Although a completely different regressor and hyperparameters can be chosen to provide better results in metrics for this particular date period, the combination used of regressor, lags, and hyperparameters is the one that achieved a better high metric value when evaluated on all the data. Table 11 displays the metrics associated with the prediction shown in Figure 7.

5.3. Comparison of Anomaly Detection Models

The first results are presented using the MAD statistical technique. This technique requires a limit to determine if an observation is anomalous. To address the decision of which limit to use for this case study, within each iterative process of the thirty total iterations, a different limit value was used. That is, instead of performing thirty iterations with one limit value x and reporting those results, the thirty iterations were performed for different limit values x.

To analyze the results (Figure 8a), the F1-score metric is examined. The metric shown in these results corresponds to the average of the metric over the 30 iterations using the corresponding threshold value. The best result was obtained using a cutoff value of 1.1. Similar to the analysis of the predictor model, analyzing the F1-score metric, which is the harmonic between precision and recall, only provides some insight. In addition to this metric, the accuracy, precision, and recall have been calculated as shown in Figure 8b.

This is where the analysis of the different metrics becomes relevant.

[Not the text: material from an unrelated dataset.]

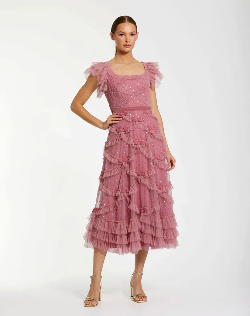 Discover elegance, sophistication, and style with the Mac Duggal 8272 Dot Net Sequin Ruffle Midi Dress. Featuring flutter sleeves and a square neckline, this dress also boasts a stunning dot net sequin ruffle design. Perfect for a special occasion, this dress will make you stand out from the crowd.

While the F1-score metric provides some understanding of the performance of a certain technique, it is necessary to know the other metrics to gain a complete understanding of the behavior of the technique. For the MAD technique, an increasing trend is observed in the accuracy, but a decreasing trend in the recall, while the precision remains practically stable, slightly above 20%.

The results obtained in the isolation forest technique are shown in Figure 8c. The best result has been obtained by training the model with 100 n_estimators. Unlike the previous technique, the performance of the technique varies in a range of 30% to 40% in the F1-score metric across the different values of n_estimators.

Results for additional metrics are found in Figure 8d. Unlike the MAD technique, it can be seen how the accuracy remains relatively high throughout the evaluations, exceeding 70%, and where the precision and recall metrics remain at ranges between 30% and 40%, obtaining the best combination of results in the use of one hundred estimators in the training period.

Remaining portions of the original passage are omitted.